EMR use often is less than meaningful


Monday in FierceHealthIT, I reported on safety issues related to poorly implemented CPOE systems, and briefly mentioned one downside to EMRs in general, courtesy of New York Times columnist Dr. Pauline Chen. Today, I'll go into some more detail.

One problem with EMRs that often gets overlooked is perhaps the most obvious element of all: there's a computer in the exam room that wasn't there before.

"[A]s I settled in to see my first clinic patient, I realized I had no idea where to sit. The new computer was perched atop a desk in one corner of the room; the patient sat on the exam table on the other side of the room. In order to use the computer, I had to turn my back to the patient as I spoke to him. I tried to compensate by sitting on a rolling stool but soon found myself spending more time spinning and wheeling back and forth between patient and computer than I did sitting still and listening. And when my patient did talk, his story came only in spurts because every time I turned my back to him to type, the room fell silent," Chen writes of her first patient encounter using an EMR several years ago.

"My vision of an interaction marked by the seamless flow of conversation and capture of information vanished. Instead, I was spinning my wheels. Literally."

Her discovery? An EMR may improve data flow and access, but it doesn't guarantee better communication for physicians with their patients and fellow health professionals. Chen cites a recent Center for Studying Health System Change report that concluded current EMR systems aren't all that good for care coordination.

My feeling is, EMRs are fine for care coordination--if they're designed to be user-friendly and if doctors actually use them properly. (See also: "meaningful use.")

I hearken back to HIMSS09 in Chicago.

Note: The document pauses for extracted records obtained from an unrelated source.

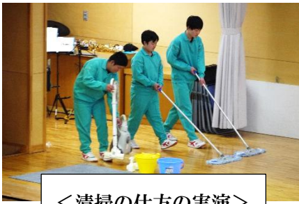
<清掃の仕方の実演>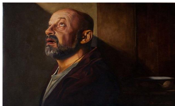
Рис. 5. Євген Равський. «Я вірую!»

Барокова емоційність, звернення до прийому к'яроскуро дозволяє провести паралель між художньою творчістю Караваджо та Є. Равського, Темне тло у картинах обох митців часто виступає як своєрідна непомітна, але вкрай важлива декорація людського характеру. При цьому, одяг та інші зображувані деталі буденності є вторинними – особистість, її переживання, емоції, закарбовані на обличчі, є важливими (рис. 5).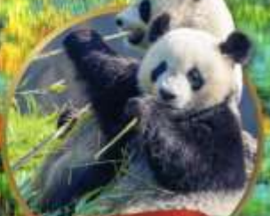
หมี่แพนด้าตู่เจียงเยิน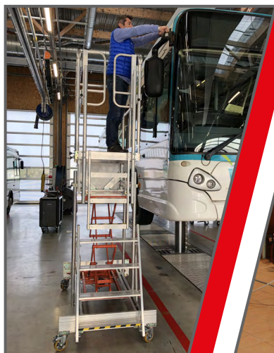
Mantenimiento en el sector del transporte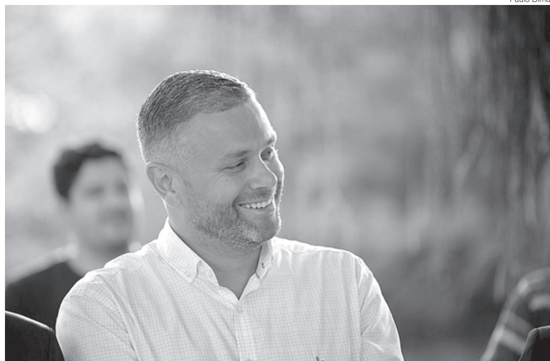
Drable afirma que cidade entrará em 'ciclo virtuoso' com investimentos

Os investimentos foram decididos por uma análise estratégica de negócio. De acordo com as estatísticas do Instituto Aço Brasil, a produção de aço bruto no Brasil alcançou 36 milhões de toneladas, crescendo 14,7% em 2021 na comparação com o ano anterior. Já o consumo aparente de produtos siderúrgicos atingiu 26,4 milhões de toneladas, subindo 23,2% no ano passado em relação a 2020. Deste modo, ainda que os resultados extraordinários de 2021 não sejam mantidos, a empresa acredita no crescimento significativo da demanda por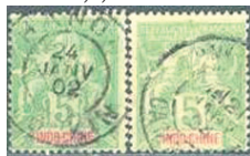
Obr. 3. Francouzské známky z Tonkinu kolem r. 1900 (razítka Hanoi a Kambodža).

Dynastie Čching se snažila zemi izolovat od vlivů jiných států, a proto v roce 1775 byly čínské přístavy uzavřeny pro zahraniční obchod s výjimkou Kantonu. Tento krok však zemi poškodil, protože nemohla profitovat se zahraničního obchodu a ztratila kontakt s vyspělými zeměmi. Evropské mocnosti si navíc tento krok nenechaly líbit a vedly s Čínou řadu válek. Důležité byly zejména 1. opiová válka 1839-42, 2. opiová válka 1856-58 a 3. opiová válka 1859-60, v jejichž důsledku musela Čína zpřístupnit své území cizincům: v roce 1842 bylo otevřeno 5 čínských přístavů pro zahraniční obchod (např. Šanghaj, Kanton, Fučou) a Velká Británie navíc získala Hong Kong jako svou kolonii. Po krátkém období relativního klidu vypukla čínsko-francouzská válka 1884-85 ( Guerre du Tonkin ; obr. 3), v jejímž důsledku Francie získala teritorium severního Vietnamu & Kambodže a navíc právo dislokovat na čínském území své vojenské jednotky, které zde zůstaly až do roku 1904. Francouzské jednotky používaly 6 razítek

I slogged through that busy week with a case of bronchitis. I tried treating it with over-the-counter medications and chicken soup, to no avail. By the final day, I couldn't take it anymore. I called my internist's office and made an appointment. (I may be the only one grateful that HIMSS met in Chicago during that snowy week.)

My regular physician was off that day, so one of his partners saw me. This just happened to be the tech-savvy partner, the one who convinced the others in the practice to invest in an EMR, a Sage Intergy system, several years earlier.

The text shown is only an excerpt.